(Dataset items)
____
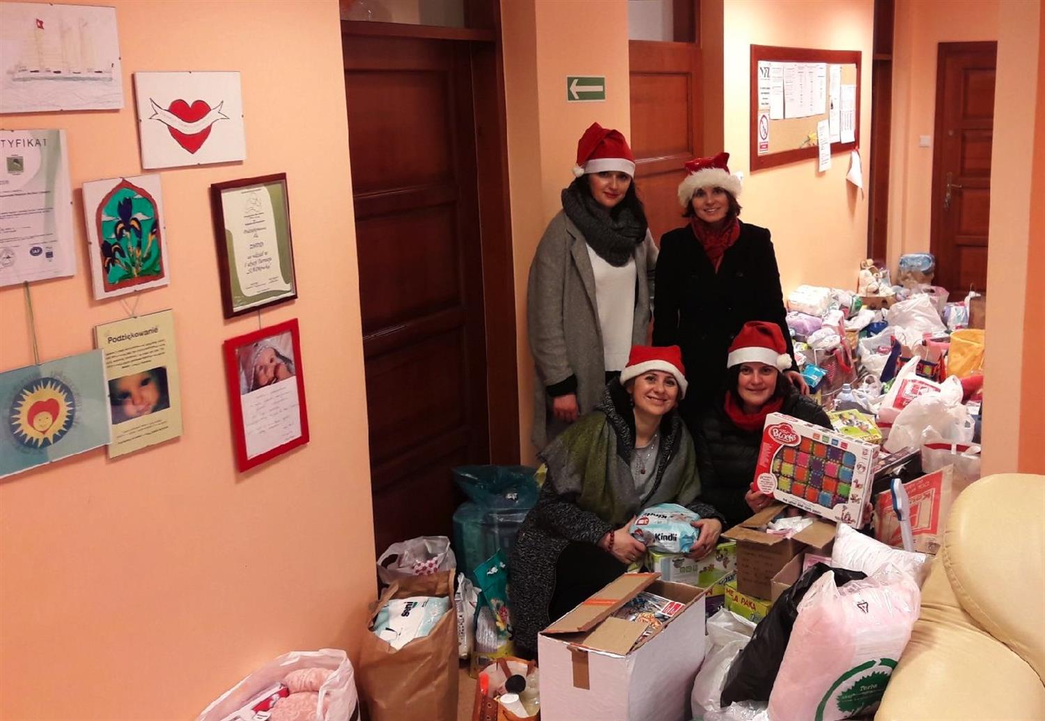 2. Na zdjęciu z przekazania darów dla hospicjum (od lewej - góra): Justyna Postek (kucharka), Agnieszka Łaskarzewska (dyrektor żłobka) oraz (na dole)Edyta Dziarmaga (opiekunka), Katarzyna Gawron (intendentka).
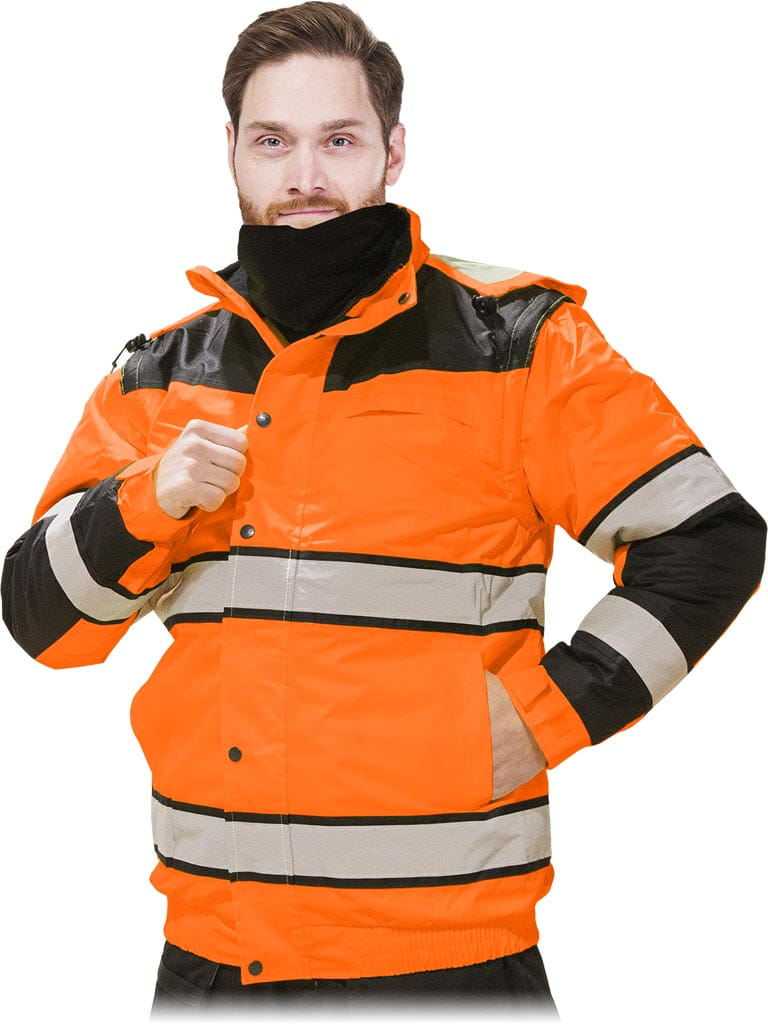 - tkanina we fluorescencyjnym kolorze i pasy odblaskowe zwiększają widoczność
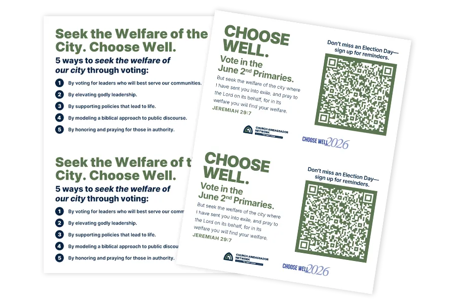 Practical tools to help you shepherd your congregation in seeking the welfare of the city through God-honoring voting during the 2026 election season.
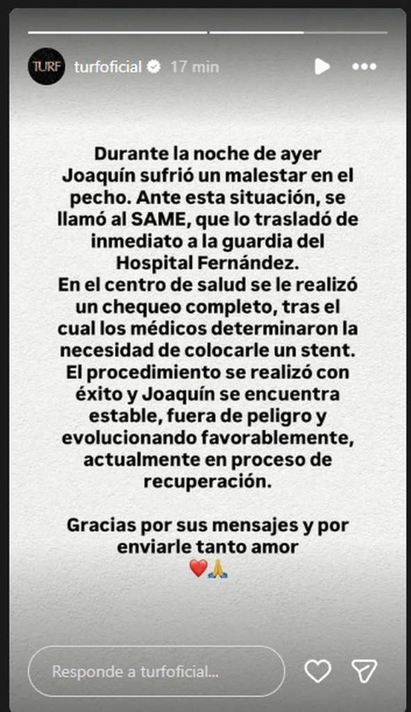 El cantante y líder de la banda Turf, Joaquín Levinton, fue internado de urgencia la madrugada de este viernes tras sufrir un infarto.
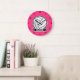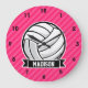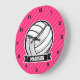 Reloj Redondo Grande Voleibol en franjas rosadas neonesas
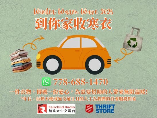 自1995年首次舉辦以來,「寒衣送暖流」已成為大溫地區最具代表性的愛心活動之一,累積無數善長的溫情捐贈,讓社區充滿關懷。今年,我們迎來活動的第31屆,更希望藉此讓愛心延續、讓暖意加倍。 為了使更多人輕鬆參與,今年「寒衣送暖流」除了設置多個收集點外,大受歡迎的「到你家收寒衣」服務亦再度回來,讓年長者、行動不便或缺乏私人交通工具的朋友,也能在家輕鬆回饋社會。
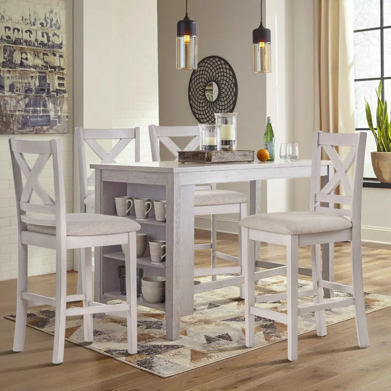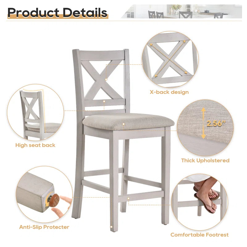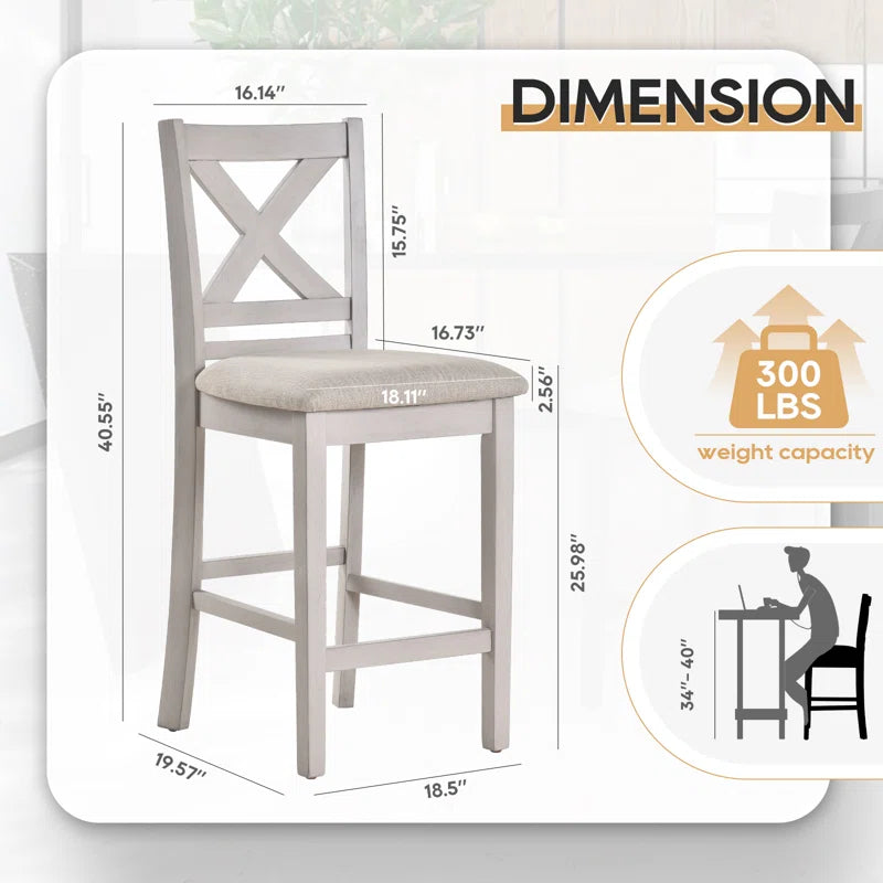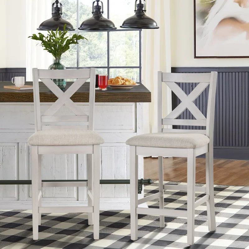 Adouer Wood "Set of 2 Gray White Solid Sheesham Wood Cross Bar Chairs with Cushioned Seats"
____
GOAL OF THE EXERCISE: The records above should be returned exactly; no image belongs in the copy.

ANSWER TO THIS TASK:
 2. Na zdjęciu z przekazania darów dla hospicjum (od lewej - góra): Justyna Postek (kucharka), Agnieszka Łaskarzewska (dyrektor żłobka) oraz (na dole)Edyta Dziarmaga (opiekunka), Katarzyna Gawron (intendentka).
 - tkanina we fluorescencyjnym kolorze i pasy odblaskowe zwiększają widoczność
 Practical tools to help you shepherd your congregation in seeking the welfare of the city through God-honoring voting during the 2026 election season.
 El cantante y líder de la banda Turf, Joaquín Levinton, fue internado de urgencia la madrugada de este viernes tras sufrir un infarto.
 Reloj Redondo Grande Voleibol en franjas rosadas neonesas
 自1995年首次舉辦以來,「寒衣送暖流」已成為大溫地區最具代表性的愛心活動之一,累積無數善長的溫情捐贈,讓社區充滿關懷。今年,我們迎來活動的第31屆,更希望藉此讓愛心延續、讓暖意加倍。 為了使更多人輕鬆參與,今年「寒衣送暖流」除了設置多個收集點外,大受歡迎的「到你家收寒衣」服務亦再度回來,讓年長者、行動不便或缺乏私人交通工具的朋友,也能在家輕鬆回饋社會。
 Adouer Wood "Set of 2 Gray White Solid Sheesham Wood Cross Bar Chairs with Cushioned Seats"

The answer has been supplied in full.